TASK BRIEF:
Exactly and only the lines from the first entry through the line with "exceso de humedad." should be copied, both ends included, with no pictures.

(Data records)

= = = = =

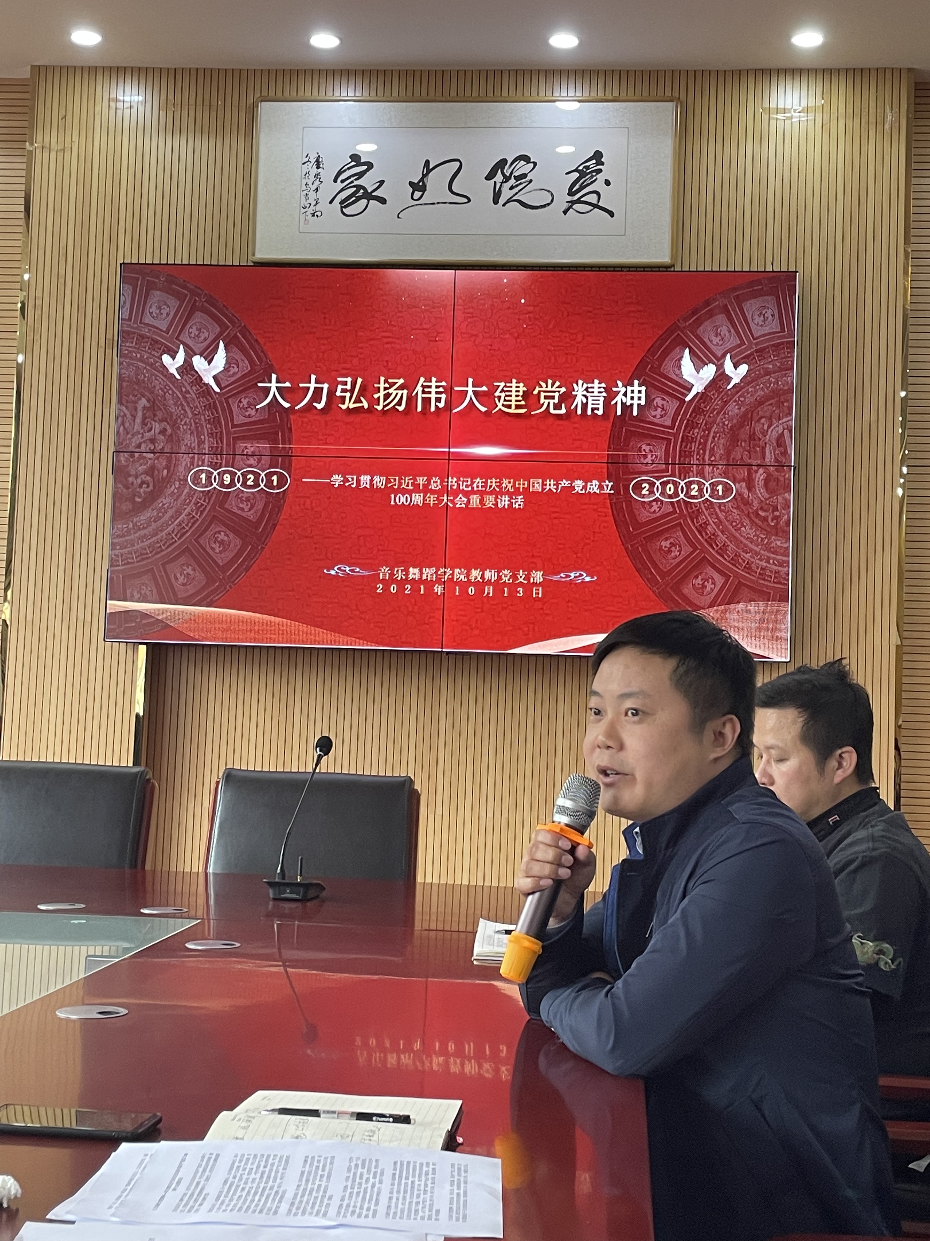 接下来,王晓、肖伟、陈玉莲等同志分别做了主题发言。他们都从各自的工作岗位职责出发,结合工作实际,号召全体党员作为新时代的教育工作者要用伟大建党精神指导工作、生活,既锤炼自身政治品格,又践行教书育人使命,继续弘扬光荣传统、赓续红色血脉,为培养德智体美劳全面发展的社会主义建设者和接班人持续奋斗。
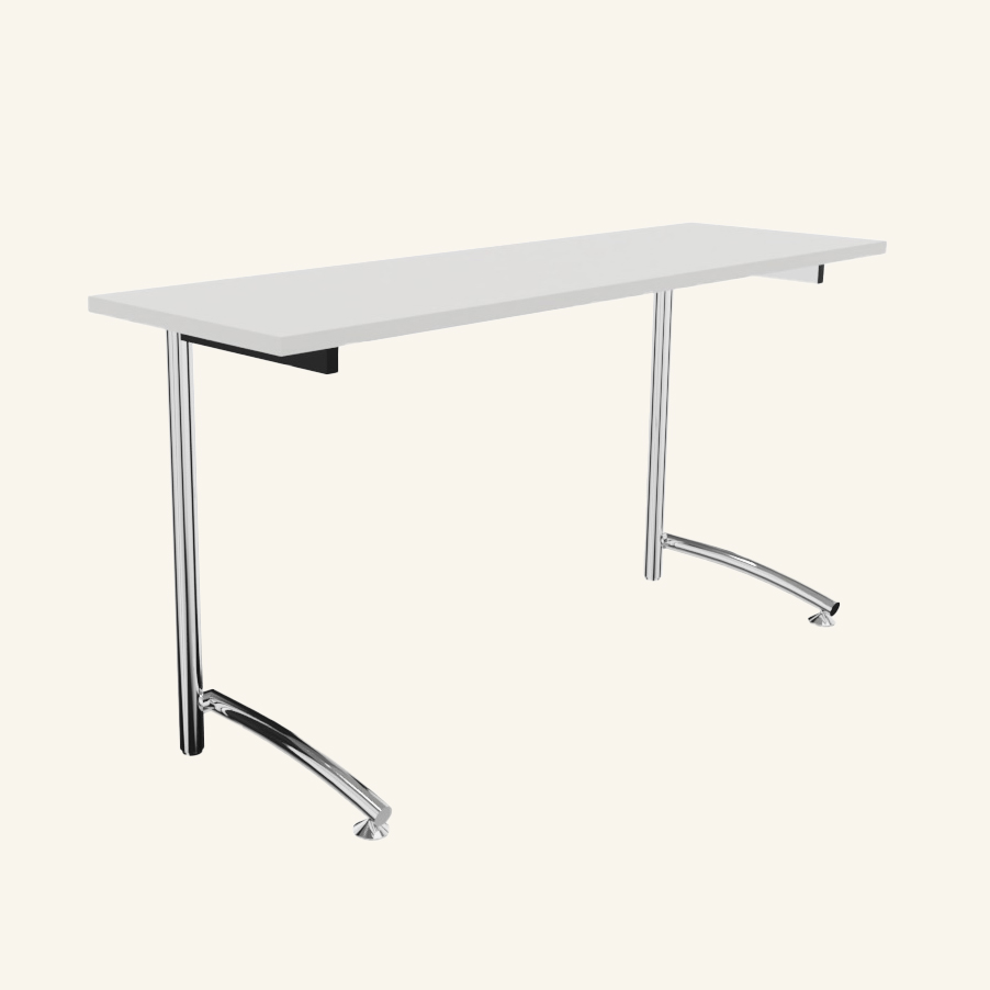Table top in laminat (white). Base in metal (chrome).
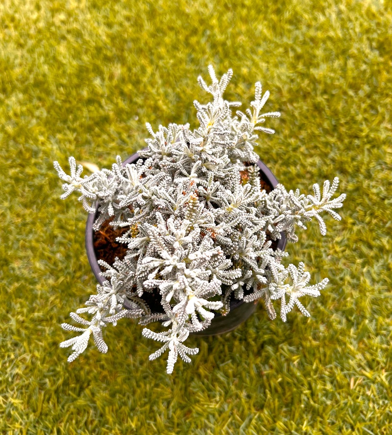 ✅ Cuidado y Mantenimiento: Requiere una exposición a pleno sol para mantener su forma compacta y su coloración plateada. Necesita suelos muy bien drenados y riegos escasos una vez establecida, siendo muy sensible al exceso de humedad.
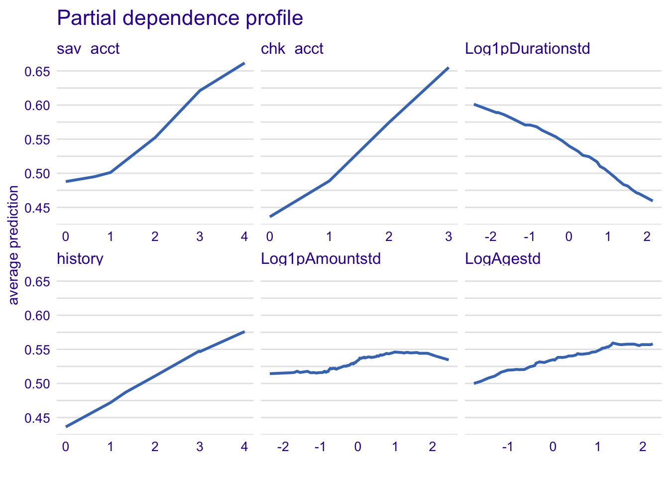 plot(model_profile_knn1, variables = c("sav_acct", "chk_acct", "Log1pDurationstd", "history", "Log1pAmountstd", "LogAgestd")) + ggtitle("Partial dependence profile ", "")
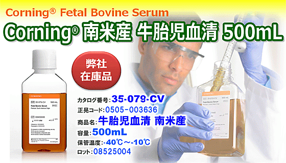 弊社在庫「Corning® 南米産 牛胎児血清(FBS)500mL」ご案内
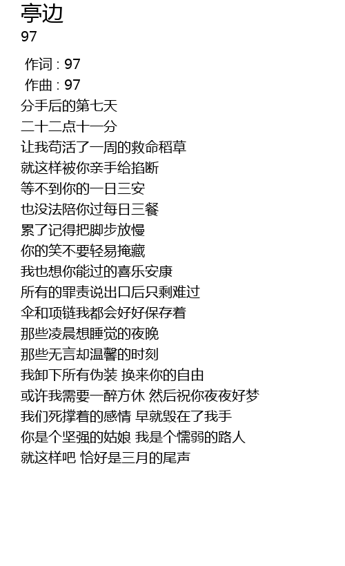 | [00:41.195] | 我也想你能过的喜乐安康 |
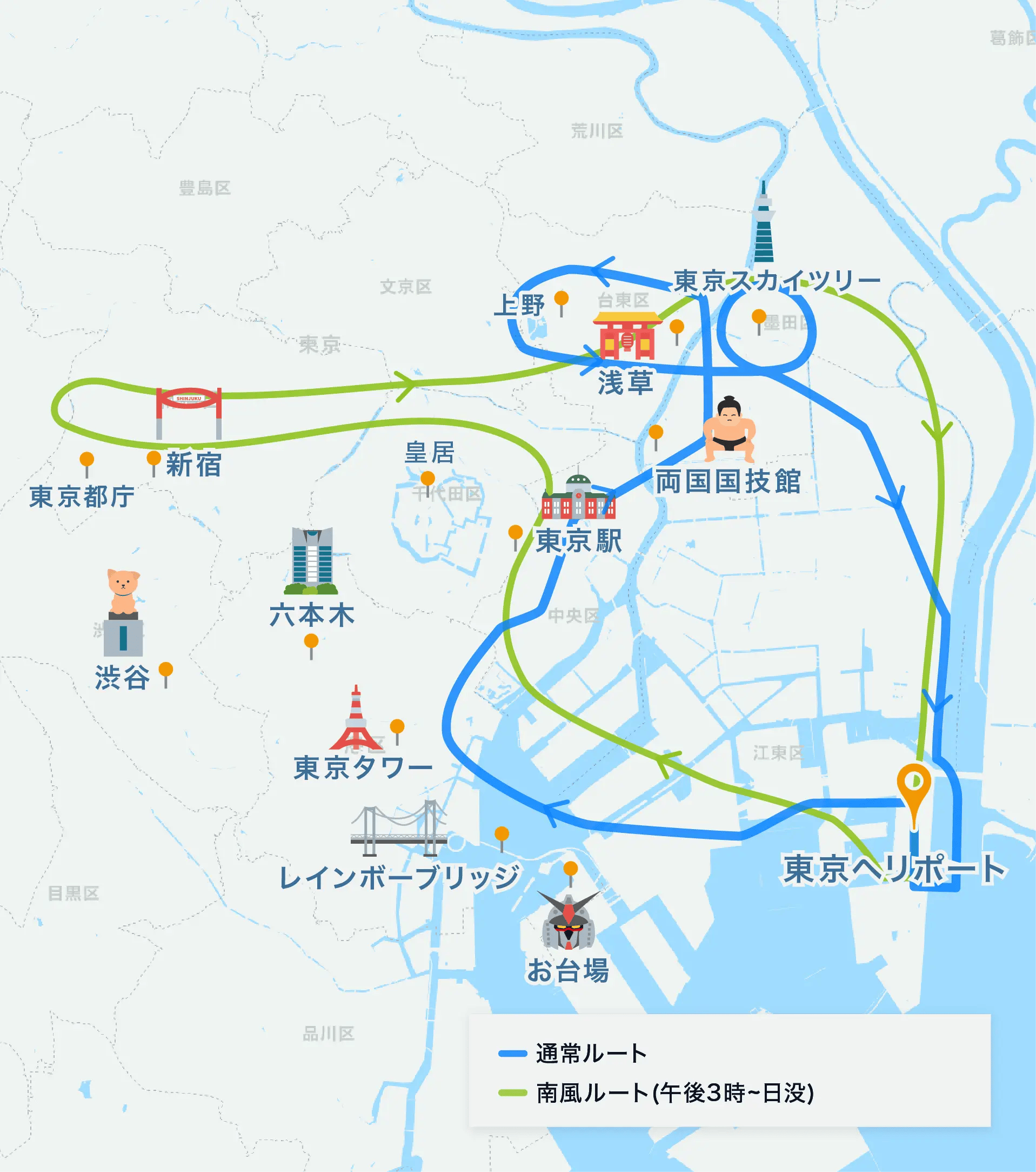 レインボーブリッジ, 勝鬨橋, 東京タワー, 東京駅, 両国国技館, 浅草寺, 上野(不忍池), 東京ドーム, スカイツリー

= = = = =

TASK SOLUTION:
 接下来,王晓、肖伟、陈玉莲等同志分别做了主题发言。他们都从各自的工作岗位职责出发,结合工作实际,号召全体党员作为新时代的教育工作者要用伟大建党精神指导工作、生活,既锤炼自身政治品格,又践行教书育人使命,继续弘扬光荣传统、赓续红色血脉,为培养德智体美劳全面发展的社会主义建设者和接班人持续奋斗。
Table top in laminat (white). Base in metal (chrome).
 ✅ Cuidado y Mantenimiento: Requiere una exposición a pleno sol para mantener su forma compacta y su coloración plateada. Necesita suelos muy bien drenados y riegos escasos una vez establecida, siendo muy sensible al exceso de humedad.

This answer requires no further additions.